Thursday, April 25, 2024

Two years after sentencing, Lakin investigation still under way

Two years after once-powerful Madison County attorney Lowell Thomas Lakin was sentenced to six years in prison on federal drug charges, a special prosecutor investigating a related state case continues to guard his comments.

Charles Colburn, who was appointed in 2006 to investigate allegations of child sexual abuse against Lakin, said on Tuesday that he still could not comment on the case that preceded Lakin's federal indictment in 2007.

Both state and federal investigations of Lakin were launched due to allegations made in a civil lawsuit filed under seal in Madison County in 2006.

The lawsuit, which has been stayed by court order until the state moves forward or dismisses its investigation, accuses Lakin of engaging in child sexual abuse against three unnamed plaintiffs. Among other things, the suit accuses Lakin of transporting an underage male to Malibu, Calif. with the intent to engage in sexual activity.

Federal prosecutors dropped sex charges involving minors that carried a life sentence, in exchange for Lakin's guilty plea to possessing and distributing cocaine to a person under 21 and maintaining a drug-involved premises.

He was sentenced by U.S. District Judge J. Phil Gilbert two years ago on Oct. 8, 2008, at the federal courthouse in East St. Louis.

Lakin appeared before Gilbert in handcuffs, leg shackles and a yellow prison jumpsuit.

"This is a pretty far fall from grace," Gilbert said to Lakin at sentencing.

Lakin, 70, founded the Lakin Law Firm in Wood River, which became a renowned class action and personal injury firm. It has been renamed LakinChapman.

He is scheduled to be released from Fort Worth Federal Correctional Institution in Texas, a low security institution housing male offenders, on Nov. 30, 2013. Lakin had previously been held at the Forrest City correctional facility in eastern Arkansas.

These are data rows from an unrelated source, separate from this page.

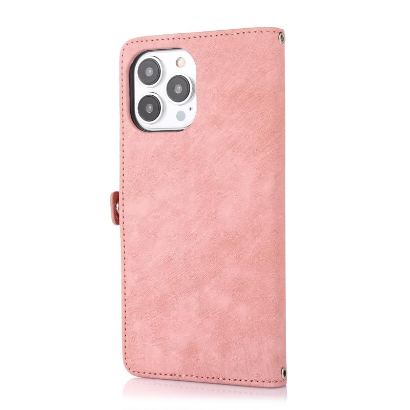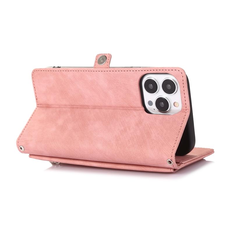For iPhone 13 Pro Max Zipper Card Slot Buckle Wallet Leather Phone Case(Pink)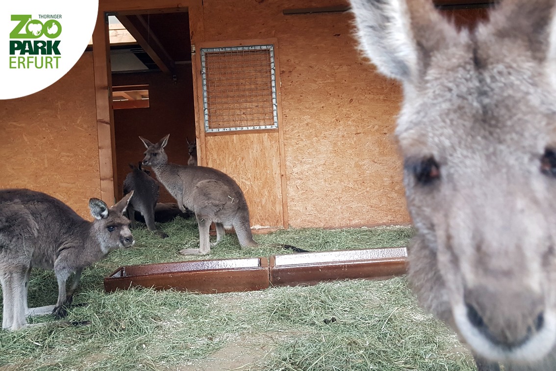 Die Gärtner waren fleißig und hatten in den letzten Wochen die Grünanlagen „frühlingstauglich“ gemacht. Gerade letzte Woche noch die vorgetriebenen Frühblüher in die Blumenkübel gepflanzt. So schön wie jedes Jahr. Dazu blühen die ersten Sträucher und Bäume: Blutpflaume (Prunus cerasifera) und Japanische Nelkenkirsche (Prunus serrulata). Die Kängurus beobachten eine Mitarbeiterin, die zum Fenster hereinschaut, Futter bringt und sich an der ersten Blütenpracht erfreut.
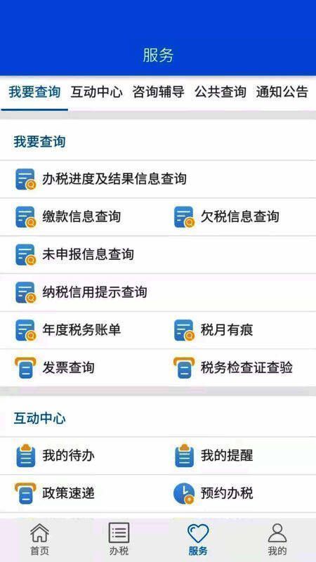 纳税人可通过该部分操作“我想查询”、“互动中心”、“咨询咨询”、“公开查询”、“通知公告”五个功能类别。

Colburn was appointed special prosecutor after Madison County State's Attorney Bill Mudge in June 2006 asked for outside assistance because he perceived a conflict of interest if the state were to bring charges against Lakin.

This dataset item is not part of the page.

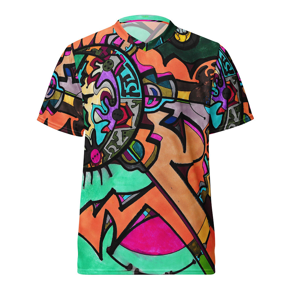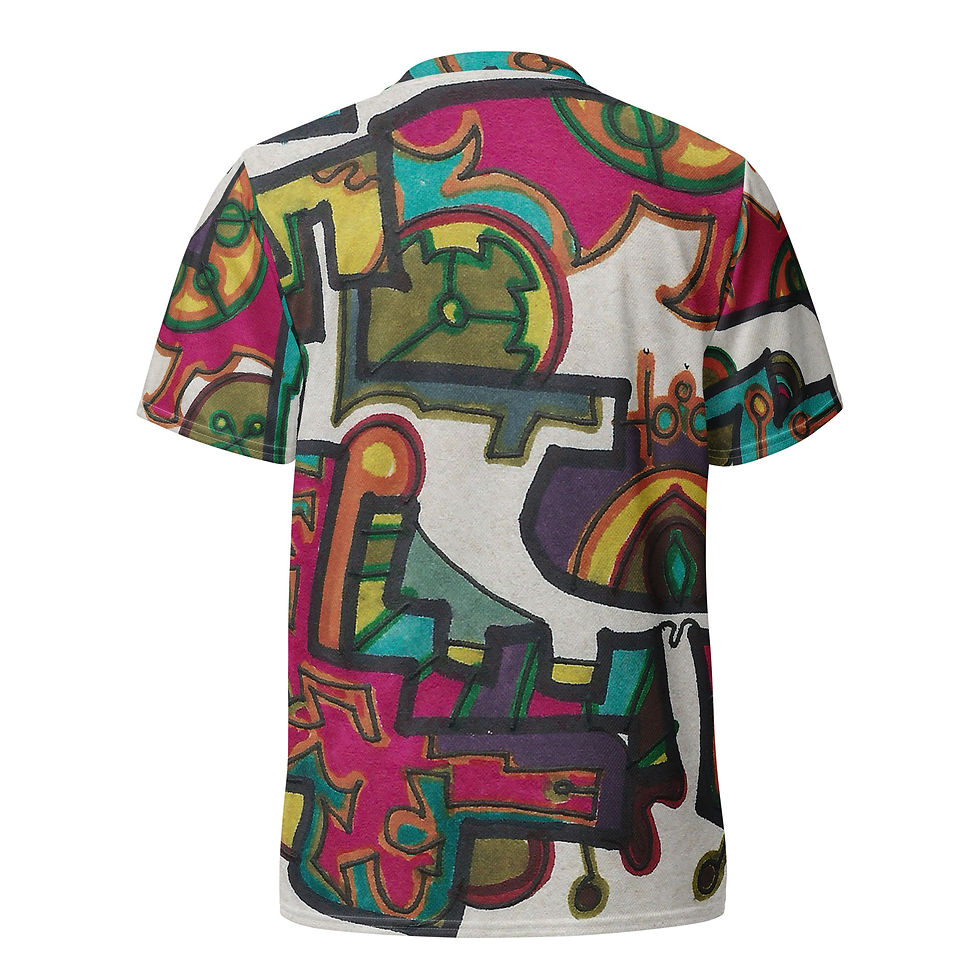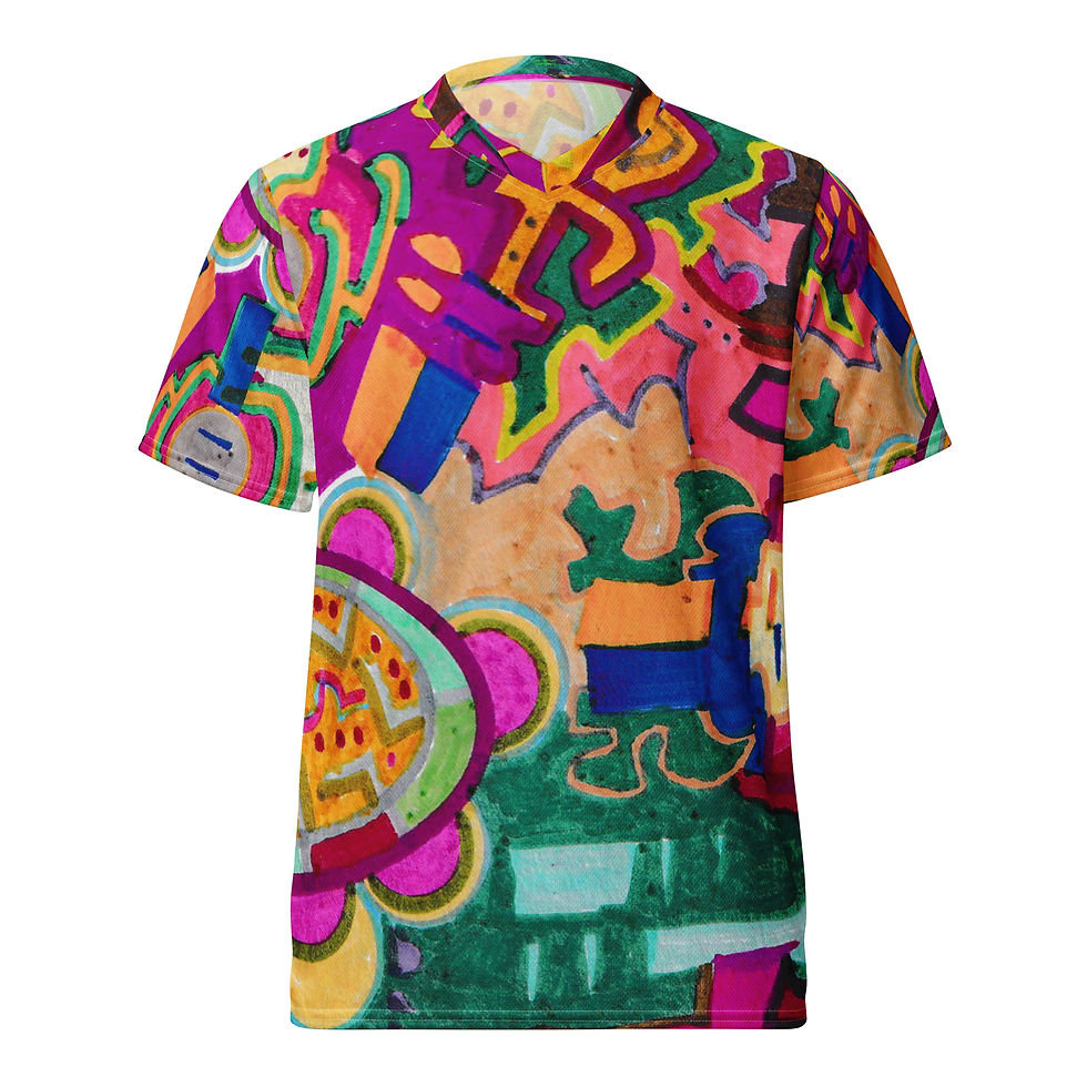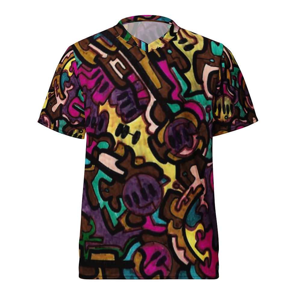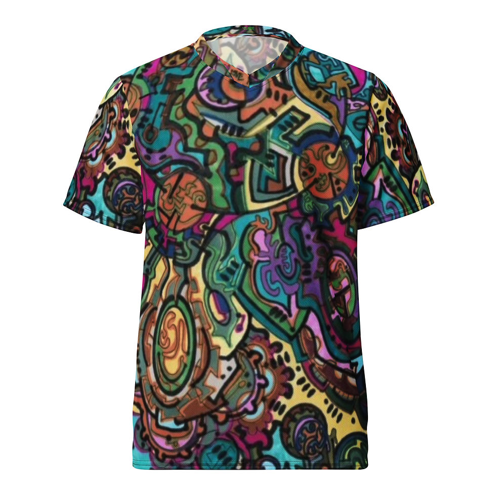 OUR DESIGNS STAND OUT AND BECAUSE THERE ARE SO MANY YOU WILL ALMOST CERTAINLY BE ONE OF A KIND, THE ALL OVER PRINTS ARE SYNTHETIC AND THE ONES WITH SYMBOLS ON CHEST AND ARMS ARE COTTON, THEY ARE LOVELY AND ARE ORIGINAL, PERFECT FOR THE DANCE FLOOR EVERY KIND OF MUSIC.

Mudge had indicated that his former law firm had represented Lakin in the past. Mudge is running for circuit judge and faces no opposition in the November general election.

One of the attorneys representing the victims in the case, Ed Unsell of East Alton, has pressed for the investigation to move forward.

"It's not that difficult of a case," Unsell said earlier this year. "He (Lakin) either sexually abused a 15 year old boy or he did not."

Colburn has said that there is no statute of limitations concern because of the age of an alleged victim in the investigation.